Я был для нее просто «попутчиком» в этом путешествии в ту страну. Мы были друг другу «опорой и поддержкой» на пути к открытию того мира. Было бы верным полагать, что на пути в новую жизнь две головы лучше, чем одна. Мы были не столько «попутчиками», сколько закадычными друзьями; мы поддерживали друг друга, не ожидая ничего взамен; мы были способны на различные выдумки, как Мари и Али, которые разжигали огонь стеклами очков; и мы недели напролет бок о бок сидели в ночных автобусах, прижавшись друг к другу.
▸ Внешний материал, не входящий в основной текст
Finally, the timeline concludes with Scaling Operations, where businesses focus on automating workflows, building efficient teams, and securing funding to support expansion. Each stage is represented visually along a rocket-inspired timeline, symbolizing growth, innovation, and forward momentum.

Иногда по ночам, когда в автобусе стихал грохот выстрелов и взрывавшихся вертолетов второго по счету фильма, и мы, усталые и оборванные странники, мерно покачиваясь, отправлялись в путь, где не сыскать покоя; я просыпался и долго смотрел на тихонько спящую у окна Джанан: она спала, прислонившись к импровизированной подушке из оконных занавесок, а ее каштановые волосы, сбившись в узел, спадали на плечи. Бывало, красавица моя вытягивала тонкие нежные руки и клала их на мои нетерпеливые колени, а иногда подкладывала одну руку себе под голову, поверх скомканных занавесок, а второй изящно поддерживала ее под локоть. Всякий раз, когда я заглядывал ей в лицо, я почти всегда видел в нем боль, заставлявшую ее хмурить брови, и, нахмурившись, она словно задавала какой-то вопрос, который тревожил и меня. Еще я видел свет на ее бледных щеках и мечтал о бархатном рае, где распускаются розы, садится солнце, а веселые, озорные белки кувыркаются на закате, маня в чудесную страну, где ее тонкая нежная шея встречается с изящным подбородком, или в недосягаемые края у нее под волосами на затылке. Я видел эту золотую страну, когда она чуть-чуть улыбалась во сне, на ее лице, на ее полных, нежно-розовых губах, иногда обветренных. И тогда я говорил себе: я никогда не знал, никогда не читал и нигде не видел, как же это прекрасно, Ангел, — смотреть, как спит твоя любимая.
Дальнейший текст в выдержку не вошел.